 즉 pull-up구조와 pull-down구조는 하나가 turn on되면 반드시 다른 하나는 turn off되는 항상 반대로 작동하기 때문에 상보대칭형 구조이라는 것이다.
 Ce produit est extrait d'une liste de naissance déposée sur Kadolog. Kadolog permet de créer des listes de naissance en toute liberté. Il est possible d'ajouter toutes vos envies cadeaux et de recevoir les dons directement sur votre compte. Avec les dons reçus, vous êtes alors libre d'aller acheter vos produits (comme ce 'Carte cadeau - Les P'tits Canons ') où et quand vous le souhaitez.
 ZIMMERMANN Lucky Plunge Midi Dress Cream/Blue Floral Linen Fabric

==

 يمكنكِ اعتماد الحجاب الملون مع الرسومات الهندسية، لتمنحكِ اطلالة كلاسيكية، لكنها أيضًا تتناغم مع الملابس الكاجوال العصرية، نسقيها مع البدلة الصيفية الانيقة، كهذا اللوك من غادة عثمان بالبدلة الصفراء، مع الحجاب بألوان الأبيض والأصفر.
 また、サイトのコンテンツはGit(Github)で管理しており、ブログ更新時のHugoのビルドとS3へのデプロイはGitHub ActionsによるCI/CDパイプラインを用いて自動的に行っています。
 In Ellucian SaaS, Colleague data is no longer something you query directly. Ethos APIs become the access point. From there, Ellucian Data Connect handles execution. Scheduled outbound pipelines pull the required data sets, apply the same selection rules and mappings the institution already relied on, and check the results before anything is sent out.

* * *

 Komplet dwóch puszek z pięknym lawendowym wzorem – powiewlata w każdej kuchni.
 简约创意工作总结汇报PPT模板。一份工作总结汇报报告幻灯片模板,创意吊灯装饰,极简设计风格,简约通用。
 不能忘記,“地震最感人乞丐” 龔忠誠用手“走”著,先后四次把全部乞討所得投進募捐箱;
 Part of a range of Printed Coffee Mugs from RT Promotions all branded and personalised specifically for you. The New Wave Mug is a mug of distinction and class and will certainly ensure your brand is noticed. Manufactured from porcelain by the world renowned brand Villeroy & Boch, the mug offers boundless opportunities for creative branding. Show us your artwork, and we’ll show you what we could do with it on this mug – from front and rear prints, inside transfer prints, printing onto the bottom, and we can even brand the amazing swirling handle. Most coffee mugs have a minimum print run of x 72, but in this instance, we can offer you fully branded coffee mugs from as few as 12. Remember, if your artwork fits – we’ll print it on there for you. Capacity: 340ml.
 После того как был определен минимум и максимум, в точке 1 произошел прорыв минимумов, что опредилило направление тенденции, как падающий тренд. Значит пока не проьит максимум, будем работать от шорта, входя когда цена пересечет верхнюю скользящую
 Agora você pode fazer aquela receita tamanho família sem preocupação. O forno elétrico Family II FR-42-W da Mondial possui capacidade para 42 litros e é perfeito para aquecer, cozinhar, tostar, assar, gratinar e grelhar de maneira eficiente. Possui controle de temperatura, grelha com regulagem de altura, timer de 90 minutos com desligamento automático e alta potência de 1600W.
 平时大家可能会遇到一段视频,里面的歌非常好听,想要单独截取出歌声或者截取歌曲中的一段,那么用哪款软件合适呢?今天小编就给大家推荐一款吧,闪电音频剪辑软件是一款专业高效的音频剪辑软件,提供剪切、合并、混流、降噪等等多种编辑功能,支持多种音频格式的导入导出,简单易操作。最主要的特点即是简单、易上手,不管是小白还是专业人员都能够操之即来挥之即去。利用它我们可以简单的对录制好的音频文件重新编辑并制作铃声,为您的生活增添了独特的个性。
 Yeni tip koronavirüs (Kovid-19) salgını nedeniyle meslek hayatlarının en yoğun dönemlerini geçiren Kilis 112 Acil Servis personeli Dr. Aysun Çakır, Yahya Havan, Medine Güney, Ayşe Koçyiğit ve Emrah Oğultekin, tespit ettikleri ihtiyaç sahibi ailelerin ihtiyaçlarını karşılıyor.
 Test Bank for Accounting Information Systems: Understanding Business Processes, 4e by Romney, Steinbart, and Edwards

* [Task item]
Taking the records above, retype every line from the one with "Agora você pode" down to the one with "Test Bank for", exactly and with nothing else.

* [The completed task]
 Agora você pode fazer aquela receita tamanho família sem preocupação. O forno elétrico Family II FR-42-W da Mondial possui capacidade para 42 litros e é perfeito para aquecer, cozinhar, tostar, assar, gratinar e grelhar de maneira eficiente. Possui controle de temperatura, grelha com regulagem de altura, timer de 90 minutos com desligamento automático e alta potência de 1600W.
 平时大家可能会遇到一段视频,里面的歌非常好听,想要单独截取出歌声或者截取歌曲中的一段,那么用哪款软件合适呢?今天小编就给大家推荐一款吧,闪电音频剪辑软件是一款专业高效的音频剪辑软件,提供剪切、合并、混流、降噪等等多种编辑功能,支持多种音频格式的导入导出,简单易操作。最主要的特点即是简单、易上手,不管是小白还是专业人员都能够操之即来挥之即去。利用它我们可以简单的对录制好的音频文件重新编辑并制作铃声,为您的生活增添了独特的个性。
 Yeni tip koronavirüs (Kovid-19) salgını nedeniyle meslek hayatlarının en yoğun dönemlerini geçiren Kilis 112 Acil Servis personeli Dr. Aysun Çakır, Yahya Havan, Medine Güney, Ayşe Koçyiğit ve Emrah Oğultekin, tespit ettikleri ihtiyaç sahibi ailelerin ihtiyaçlarını karşılıyor.
 Test Bank for Accounting Information Systems: Understanding Business Processes, 4e by Romney, Steinbart, and Edwards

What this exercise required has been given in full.